The handling and assembly of the single optical fibers proved to be the most difficult part of the setup, and optimizations might still be possible. One simple option, for example, would be to procure and install preassembled fiber blocks. To miniaturize the setup, a fibre optic plate (FOP) could be used, which is placed in direct contact with the camera chip on one side and the object under investigation on the other side. Unfortunately, this approach is accompanied by a reduction in lateral resolution.
It should be emphasized once again at this point that the presented measurements are initial validation results; in particular, the data processing steps were not yet automated. Nevertheless, SP-DRI was clearly functional. It is to be expected that more elaborate data processing techniques (including abandoning the assumption that the single LEDs are arranged perfectly collinear to the imaging field, i.e., rather taking into account both axes at a time when performing the matrix shift) would provide even better reconstruction results. The adjustment of the exposure could also be automated and the entire image area could be taken into account to enable a finer calibration. For the proof-of-concept sensor, however, attention was paid especially to the constructive aspect. Not least, the high lateral resolution achieved proves that the alignment of all components performed excellently.
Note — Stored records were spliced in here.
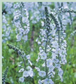
Veronica g. 'Barbara Sherwood' AGM Ⓜ

An outstanding selection forming a neat clump of glossy green leaves at the base with tall stems bearing beautiful, delicately perfumed spikes of powder-blue flowers. Easy and trouble free. H90cm F6-7 D3-5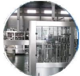
Sanyi mai sanyaya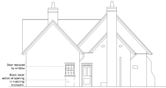
Rear elevation (South)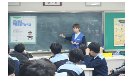
Green Planet Dreaming School – general education

Our plan for 2020 is to extend the scope of beneficiaries to include middle schools in the vicinity of our six worksites (Yongin, Suwon, Cheonan, Cheongju, Gumi, and Ulsan). The duration of this program will also extend from four to eight sessions to allow for more in-depth sharing of our employees' professional capabilities and the evolution of this program into a more advanced one that enables students to generate their creative outcomes. By offering students an opportunity to search a range of career options and have hands-on experiences, we will contribute to nurturing future talent.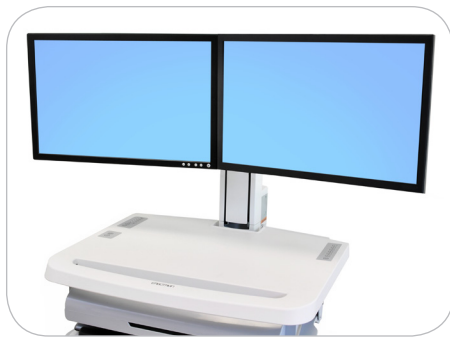
SV Dual Display Kit 97-574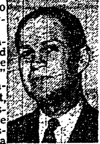
James M. Gavin

In Paris, Gavin's salary was listed at $27,500 plus $25,650 for expenses including servants and entertaining. Like other major West European capitals, the Paris job has a reputation for requiring heavy spending by an envoy beyond his government pay and independently well-to-do men have often been sent there. One official estimated the Paris ambassadorship costs around $85,000 a year, or some $30,000 above the official compensation.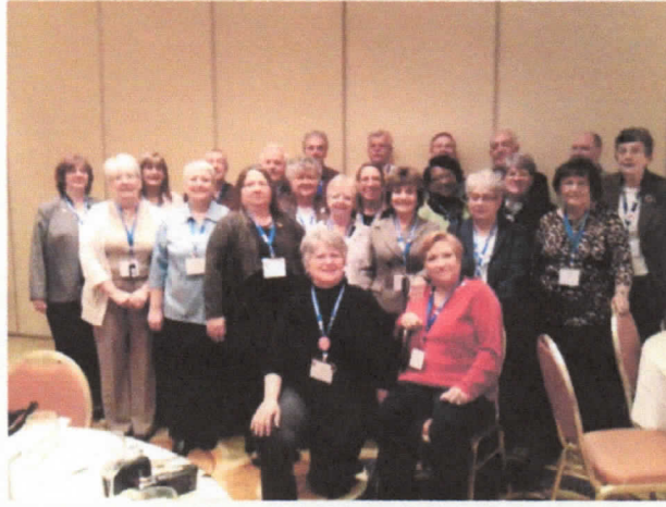
Panel 52 Delegates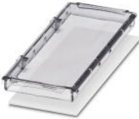
Transparent cover for installation housing BC 107.6...

Please be informed that the data shown in this PDF Document is generated from our Online Catalog. Please find the complete data in the user's documentation. Our General Terms of Use for Downloads are valid ( http://download.phoenixcontact.com )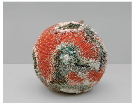
"Serpentine Flurry" (2019), serpentine, onyx, quartz, rose quartz, rhodonite, jasper, unakite, smoky quartz, amazonite, sesame jasper, olive jade, fluorite, lodolite, amethyst, tree agate, Ching Hai jade, lapis lazuli, agate, Russian serpentine, marble, ruby in zoisite, abalone shell, bone, coral, freshwater pearl, petrified wood, glass, steel pins on coated polystyrene, 23 x 25 x 25 in.

Staugaitis, Laura, "Moldy Fruit Sculptures Formed From Precious Gemstones Challenge Perceptions of Decoration and Decay," Colossal, October 16, 2019.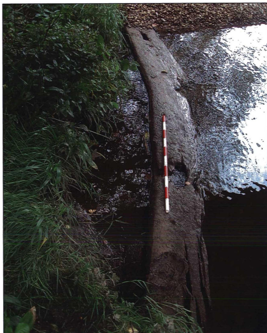
Plate 8. Possible cruck timber in Kex Beck, viewed from the north.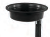
Wet Pickup Adaptor B000379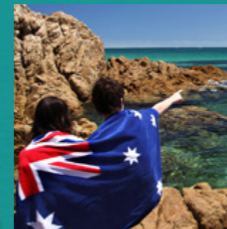
Queensland is known as the 'Sunshine State', with 283 days of sunshine per year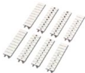
Zack marker strip, 10-section, horizontally labeled with the consecutive numbers: 21 ... 30, white, width: 5 mm

Please be informed that the data shown in this PDF Document is generated from our Online Catalog. Please find the complete data in the user's documentation. Our General Terms of Use for Downloads are valid ( http://phoenixcontact.com/download )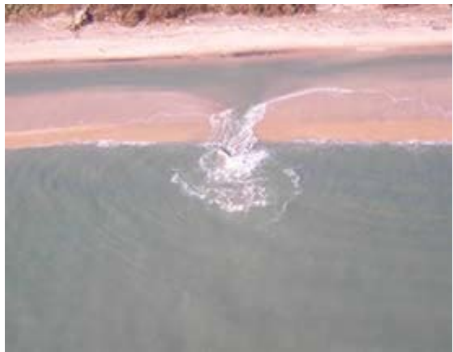
Rip Current in Florida after Hurricane Jeanne.

The June press conference was carried by Cable News Network (CNN) and Fox Network, with coverage provided by the Associated Press and USA Today.

In addition to further optimising the SP-DRI sensor, a next step is to apply the method ex vivo. The results of the present study are encouraging for a successful application of the presented diagnostic technique in this modality.
5. Conclusions
The present study evaluated the SP-DRI algorithm on realistic optical phantoms with embedded structures on the order of magnitude of 10 μm. It was found that the SP-DRI algorithm is functional and clearly superior to simply inspecting the raw data images.
With SP-DRI, the position of the structures within the optical phantoms could be determined successfully. Moreover, it could be shown that a larger diameter of the embedded structure results in a higher amplitude of the SP-DRI signal. This way, the results obtained by simulations in earlier studies could be validated experimentally.
Although the SP-DRI sensor has been successfully validated, there is room for improvement. The present study provides definite indications for this; they can be found in particular in the underlying software and the use of optical fibers.